> [DATA TO USE]
===

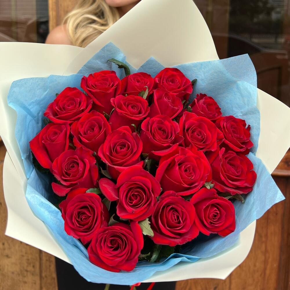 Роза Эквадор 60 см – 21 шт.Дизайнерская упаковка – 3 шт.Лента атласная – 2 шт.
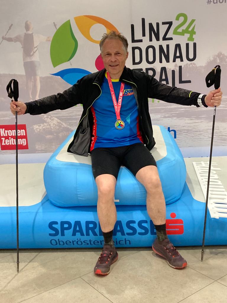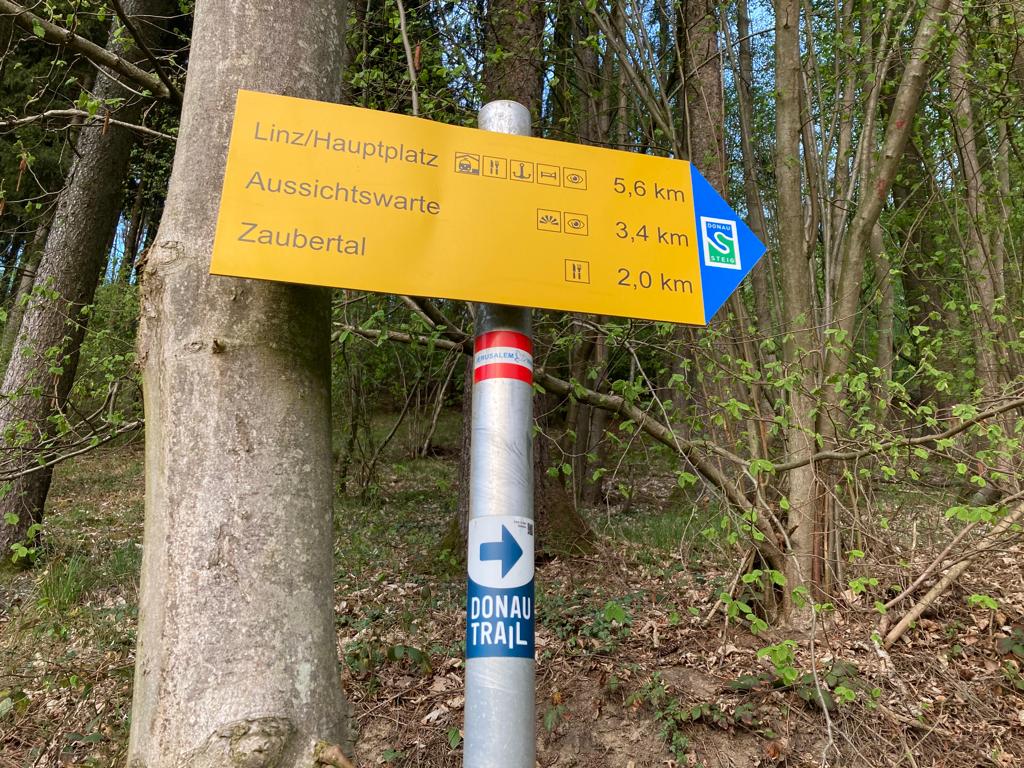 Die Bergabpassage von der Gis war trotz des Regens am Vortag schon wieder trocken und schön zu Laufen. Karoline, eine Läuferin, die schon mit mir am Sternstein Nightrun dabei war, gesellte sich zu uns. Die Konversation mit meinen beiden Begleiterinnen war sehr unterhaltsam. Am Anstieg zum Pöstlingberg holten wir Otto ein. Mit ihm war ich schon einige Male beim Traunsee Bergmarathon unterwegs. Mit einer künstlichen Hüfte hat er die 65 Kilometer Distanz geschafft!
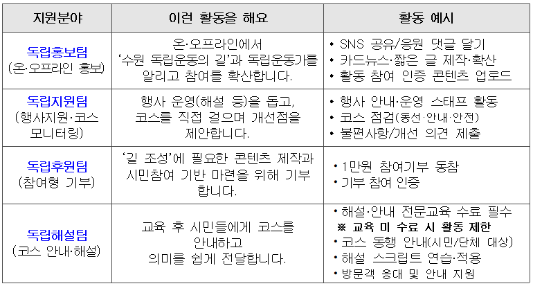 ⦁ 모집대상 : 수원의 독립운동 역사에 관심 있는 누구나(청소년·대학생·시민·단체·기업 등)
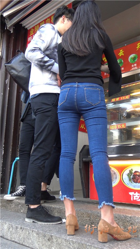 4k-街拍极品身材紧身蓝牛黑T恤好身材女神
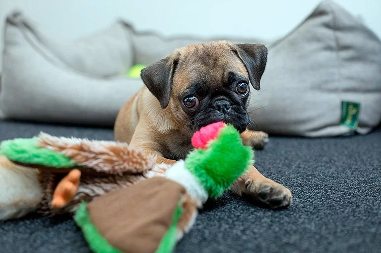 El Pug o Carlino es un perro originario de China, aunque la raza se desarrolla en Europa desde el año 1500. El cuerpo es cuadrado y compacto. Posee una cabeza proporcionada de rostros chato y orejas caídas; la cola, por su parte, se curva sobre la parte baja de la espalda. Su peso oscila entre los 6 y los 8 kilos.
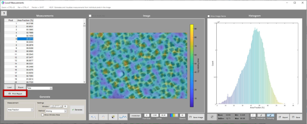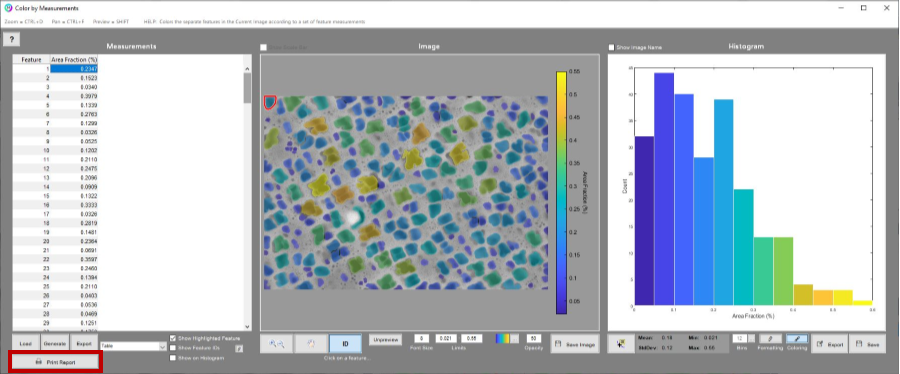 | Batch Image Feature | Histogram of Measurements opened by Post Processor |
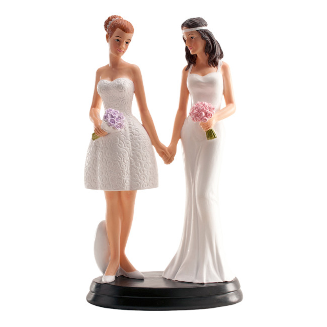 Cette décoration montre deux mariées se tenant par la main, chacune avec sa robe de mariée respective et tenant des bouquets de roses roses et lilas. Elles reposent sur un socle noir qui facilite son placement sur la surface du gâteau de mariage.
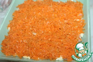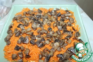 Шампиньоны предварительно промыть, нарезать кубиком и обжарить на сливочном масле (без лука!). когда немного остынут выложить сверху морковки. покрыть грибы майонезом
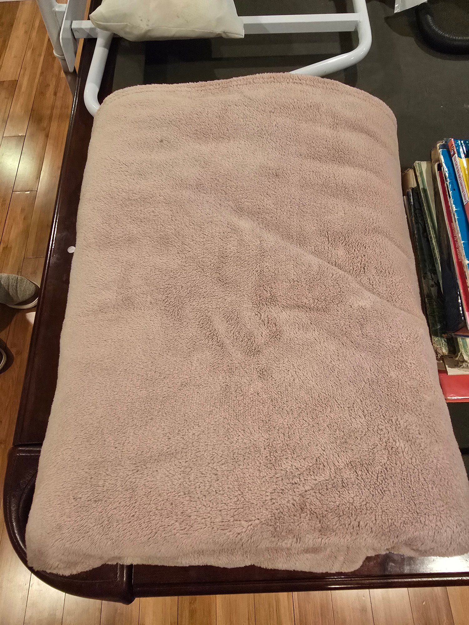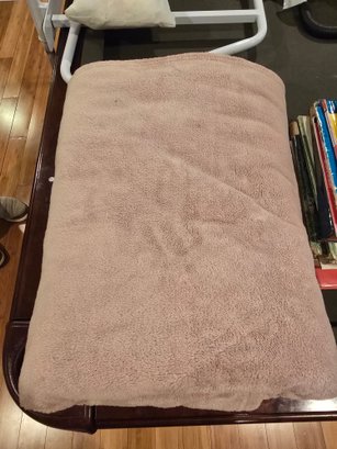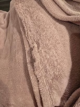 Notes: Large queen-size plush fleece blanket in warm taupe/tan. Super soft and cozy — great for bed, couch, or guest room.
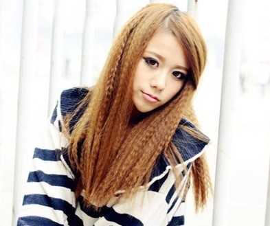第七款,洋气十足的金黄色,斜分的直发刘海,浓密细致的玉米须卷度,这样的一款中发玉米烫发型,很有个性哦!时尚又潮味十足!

===

> [TASK TO COMPLETE]
Pictures are to be left out when the lines from the one containing "Notes: Large queen-size" through the end of the records above are repeated exactly; no other line is wanted.

> [SOLUTION FOR THIS EXERCISE]
 Notes: Large queen-size plush fleece blanket in warm taupe/tan. Super soft and cozy — great for bed, couch, or guest room.
第七款,洋气十足的金黄色,斜分的直发刘海,浓密细致的玉米须卷度,这样的一款中发玉米烫发型,很有个性哦!时尚又潮味十足!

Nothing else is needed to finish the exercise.